La premisa base de esta consideración reside en el hecho objetivo que la criminalidad es una carrera que no se inicia asaltando un banco… se inicia justamente con delitos menores como los señalados antes o con el arrebato… y es precisamente ahí donde se pone todo el esfuerzo represivo para abortar dicha carrera.
Cuando Giuliani y Bratton (el comisionado), comenzaron a impartir esta nueva política, hubo cierta desconfianza que pudiera rendir algún fruto. Hasta entonces, estos delitos, eran tolerados sin chistar. ... Ya no es posible hacerlo, y al poder arrestar por estas causas menores, la policía tiene una excusa para palpar a la gente de armas. En consecuencia los “buenos muchachos” dejan la “ferretería” en casa a sabiendas que solo basta una sospecha para ser detenidos e interrogados por la policía.
Sigamos un poco más con Mister Giuliani y su “Ciudad Gótica”.
En el año 97 fue anunciada en N.Y. la campaña de “tolerancia cero” contra conductores, ciclistas y peatones que cometieran infracciones de tránsito. Esta campaña entró en vigor el 24-3-98 con fuertes multas de hasta 500 dólares y otras sanciones como retirar la licencia de conductor a quien ha cometido mas de ocho infracciones. Atravesar la luz roja le costará a un ciclista 100 dólares. Y tampoco le saldrá barato a los peatones descender de las veredas sin mirar, o pasar un semáforo cuando aparece la leyenda STOP. Y opinaba “Rudy el duro” (tal como se lo llamaba al intendente)...
“no prestar atención a las señales de tráfico puede ser simpático, pero a veces ser simpático es ser irresponsable.”
Todo esto va acompañado de una fuerte campaña para enseñar buenos modales que supone el cierre de gran parte del centro de la ciudad, el acatamiento del código de vestuario en las escuelas y oficinas municipales y el trato más cordial con los vecinos. Y Giuliani seguía explicando su teoría...
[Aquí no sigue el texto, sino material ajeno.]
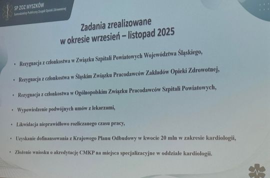 Jak kąpiel w lodowanej wodzie była prezentacja dyrektor SP ZOZ Aldony Sylwa i jej doradcy Dariusza Jorga jakiej wysłuchali radni Rady Powiatu w Myszkowie 26 listopada. W wielkim skrócie można tę prezentację streścić tak: „niegospodarność, lewe umowy, fałszowanie bilansu szpitala, żeby nie wyglądał tak tragicznie jak jest w rzeczywistości. Ale zdobyliśmy 20 mln zł na kardiologię, pisząc po nocach nowy wniosek.” Tu warto uchylić nieco informacji, jakie zdobyliśmy, a nie usłyszeli ich radni. Poprzedni dyrektor Krzysztof Bestwina faktycznie zanim odszedł żegnany w niesławie, ale przez radnych PiS kwiatami, złożył wniosek w tym projekcie w którym nabór został ogłoszony 29 lipca, ale tylko na 4 mln zł i na zakup angiografu, który w szpitalu jest. Należy co prawda do podwykonawcy, firmy Carint, ale to sprzęt nowy, bardzo dobrej jakości. Było więc niemal pewne, że wniosek SP ZOZ o dotację byłby odrzucony. Nie dowiemy się tego, ponieważ nowa dyrektor Aldona Sylwia wniosek wycofała i złożyła nowy; na 20 mln zł przeznaczone na kompleksowy remont oddziału, wyposażenie zwiększenie zakresu usług.

“tenemos que darnos cuenta que los comportamientos desconsiderados producen desorden y, mas importante aún, vamos a reconocer el significado de la verdadera conducta. Esta mejora la Ciudad y nos une a todos día a día.”
Y para que su mensaje se entendiera mejor, narró la anécdota de un peatón imprudente, que al ser llevado a la comisaría por cruzar mal una calle, se descubrió que estaba relacionado con varios robos.
El hecho que se lleven a un simple peatón a la comisaría por cruzar mal o nervioso una calle, está en perfecta concordancia con la política de “Broken Windows”: La policía está autorizada a detener por mera sospecha. Y a pesar que algunos ideólogos locales no puedan entenderlo, este es el principal ingrediente y el espíritu, de una sencilla pero eficaz política preventiva que, a no dudarlo, produce baile de San Vito en nuestros demócratas y humanistas de cotillón.
Sin embargo no todo fueron rosas para “Rudy el Duro”. Según seguía comentando en aquella época la corresponsal, “está siendo blanco de los críticos que romantizan el desorden del pasado asegurando estos, que le ha sacado brillo y encanto a la Ciudad haciéndola mas aburrida”. Claro que estos “románticos” del crimen, no especifican para quiénes está resultando aburrida la Ciudad. Sin duda no para los vecinos y sí para el Sr. Herald Fahringer por ejemplo, quien era abogado defensor de varios sex-shops, que fueron afectados por la prohibición de Giuliani de establecer sus locales en ciertas zonas.
En cambio nosotros, y gracias a que contábamos en aquella oportunidad con autoridades muy “modernas”, se romantizó el desorden del futuro (hoy presente), cuando al autorizar todo tipo de bailantas, prostitución callejera, ruidos molestos, tomas alevosas de calles y avenidas, ocupaciones ilegales, destrucción por grafittis de frentes y patrimonio artístico, borrachos, vagos, mendigos, cirujas de a pié y a caballo, y toda especie de tropelías y desatinos… se está logrando convertir a Bs. As. y a importantes ciudades de la Provincia y el interior, en la antigua N.Y. con todo su “encanto”, “brillo”, y “alegría” criminal de antaño.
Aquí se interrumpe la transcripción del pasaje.